Reliability analysis allows you to study the properties of measurement scales and the items that
compose the scales. The Reliability Analysis procedure calculates a number of commonly used
measures of scale reliability and also provides information about the relationships between
individual items in the scale. Intraclass correlation coefficients can be used to compute inter-rater
reliability estimates.

Example. Does my questionnaire measure customer satisfaction in a useful way? Using reliability
analysis, you can determine the extent to which the items in your questionnaire are related to each
other, you can get an overall index of the repeatability or internal consistency of the scale as a
whole, and you can identify problem items that should be excluded from the scale.
Statistics. Descriptives for each variable and for the scale, summary statistics across items,
inter-item correlations and covariances, reliability estimates, ANOVA table, intraclass correlation
coefficients, Hotelling’s T2, and Tukey’s test of additivity.

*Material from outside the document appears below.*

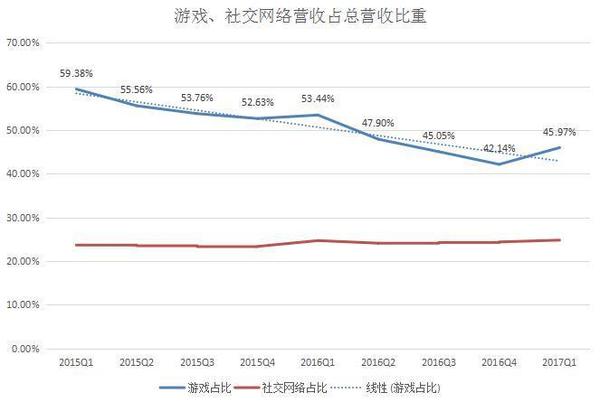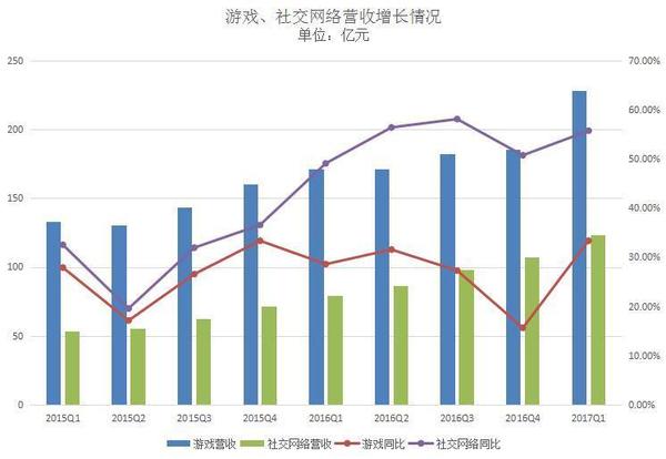 在騰訊發(fā)布新一季度財(cái)報(bào)之前,一眾剖析師都非常看好。而在這之前,羅永浩曾直言“騰訊股市漲得比北京房?jī)r(jià)好”。那么騰訊新一季度的效果到底有剖析師所猜測(cè)的那么好嗎?別的收割很多玩家的《玩著榮耀》游戲又給騰訊奉獻(xiàn)了多少收入? 5月17日,騰訊發(fā)布了2017財(cái)年第一季度的效果陳述。該季度公司的營(yíng)收為495.52億元(71.82億美元 ),同比增加55%;運(yùn)營(yíng)盈余192.72億元(27.93億美元),同比增加44%;公司權(quán)益持有人應(yīng)占盈余為144.76億元(20.98億美元),同比增加58%。 作為早年建立的互聯(lián)網(wǎng)公司之一,騰訊的開展也閱歷了幾次大的戰(zhàn)略調(diào)整。從近來兩年的財(cái)報(bào)數(shù)據(jù)來看,公司的營(yíng)收和凈利潤(rùn)增速在持續(xù)上升且創(chuàng)了新高。但在2015Q2和2016Q4這兩個(gè)季度,營(yíng)收曾遭受下滑。 騰訊開始以及時(shí)通訊東西發(fā)家,現(xiàn)在公司的事務(wù)現(xiàn)已掩蓋游戲、交際網(wǎng)絡(luò)、付出、云核算等。從營(yíng)收構(gòu)造來看,公司首要有增值效勞事務(wù)營(yíng)收、網(wǎng)絡(luò)廣告事務(wù)營(yíng)收和別的事務(wù)營(yíng)收三大首要來歷。其間,增值效勞事務(wù)依然為公司奉獻(xiàn)了最多的收入。 游戲立異高,占總營(yíng)收比重有所上升 作為騰訊最掙錢的事務(wù)大頭,該季度公司的增值效勞營(yíng)收同比增加41%至351.08億元。 其間,來自網(wǎng)絡(luò)游戲的收入增加34%至228.11億元。游戲事務(wù)增加首要由智能手機(jī)游戲(如《王者榮耀》、《穿越前方:槍戰(zhàn)王者》及《龍之谷》)及PC客戶端游戲(如《英豪聯(lián)盟》、《FIFA Online 3》及《地下城與勇士》)所奉獻(xiàn)。盡管這次騰訊沒有發(fā)布《王者榮耀》的詳細(xì)效果,但上個(gè)季度公司曾泄漏游戲的日活潑用戶超越了5000萬。 詳細(xì)來看,來自PC客戶端的游戲收入為141億元,同比增加24%;來自智能手機(jī)游戲的收入為129億元,同比增加57%。 別的,來自交際網(wǎng)絡(luò)的收入增加56%至122.97億元。該項(xiàng)收入增加首要反映數(shù)字內(nèi)容效勞(包含數(shù)字音樂、視頻及文學(xué)效勞)及虛擬道具銷售收入的增加。 近來幾年,經(jīng)過自研IP游戲、代理游戲以及“買買買”的方法騰訊現(xiàn)已是全球最掙錢的游戲公司。正如剖析師所猜測(cè)的,騰訊的游戲收入又帶來了“驚喜”——創(chuàng)了前史新高。 不過,為了疏解收入構(gòu)造單一帶來的潛在危險(xiǎn),騰訊一向都在擴(kuò)大別的事務(wù)的營(yíng)收,然后降低游戲在總收入中的占比。 從游戲和交際網(wǎng)絡(luò)營(yíng)收增速的比照?qǐng)D來看,近來兩年時(shí)間里前者都要慢于后者。從這兩項(xiàng)事務(wù)占公司總營(yíng)收的比重來看,交際網(wǎng)絡(luò)一向保持在20%-30%之間。而游戲收入占比則在直線降低,在2016Q2降低至50%一下,在2016Q4占比僅為42.14%。但到了該季度,占比又有所上升。 網(wǎng)絡(luò)廣告營(yíng)收增速趨于穩(wěn)定,交際廣告同比增加67% 除了游戲外,網(wǎng)絡(luò)廣告算是騰訊要點(diǎn)規(guī)劃的事務(wù)之一了。 在這之前,騰訊曾調(diào)整了廣告事務(wù)的人事錄用,以進(jìn)一步挖掘該事務(wù)的潛在價(jià)值并提高它的戰(zhàn)略地位。此前還有業(yè)內(nèi)人士剖析認(rèn)為,未來騰訊也許會(huì)開展成了一個(gè)以廣告事務(wù)為主的公司,比方廣告營(yíng)收占比高達(dá)85%的Facebook。 該季度網(wǎng)絡(luò)廣告的營(yíng)收同比增加47%至68.88億元。但比較2016Q3和2016Q4的74億元和83億元?jiǎng)t有所降低。從曩昔兩年的數(shù)據(jù)來看,來自網(wǎng)絡(luò)廣告的增速現(xiàn)已離別之前動(dòng)輒三位數(shù)的增加,而保持在40%-50%之間。 從廣告占總營(yíng)收的比重來看,比較前幾季度也有所降低,為13.91%。這一數(shù)字要低于交際網(wǎng)絡(luò)在總營(yíng)收中的占比。關(guān)于廣告事務(wù)的開展,騰訊現(xiàn)已在國(guó)內(nèi)外進(jìn)行積極的規(guī)劃,不知道終究是否能取得不錯(cuò)的效果。 在該季度,騰訊對(duì)廣告事務(wù)的詳細(xì)區(qū)分進(jìn)行了調(diào)整。不再是效果廣告和品牌展現(xiàn)廣告,而是按廣告特點(diǎn)和非廣告特點(diǎn)來區(qū)分:

Models. The following models of reliability are available:

·         Alpha (Cronbach). This model is a model of internal consistency, based on the average
·         inter-item correlation.
·         Split-half. This model splits the scale into two parts and examines the correlation between
·         the parts.
·         Guttman. This model computes Guttman’s lower bounds for true reliability.
·         Parallel. This model assumes that all items have equal variances and equal error variances
·         across replications.
·         Strict parallel. This model makes the assumptions of the Parallel model and also assumes
·         equal means across items.

Data. Data can be dichotomous, ordinal, or interval, but the data should be coded numerically.

Assumptions. Observations should be independent, and errors should be uncorrelated between
items. Each pair of items should have a bivariate normal distribution. Scales should be additive,
so that each item is linearly related to the total score.

Related procedures. If you want to explore the dimensionality of your scale items (to see whether
more than one construct is needed to account for the pattern of item scores), use factor analysis
or multidimensional scaling. To identify homogeneous groups of variables, use hierarchical
cluster analysis to cluster variables.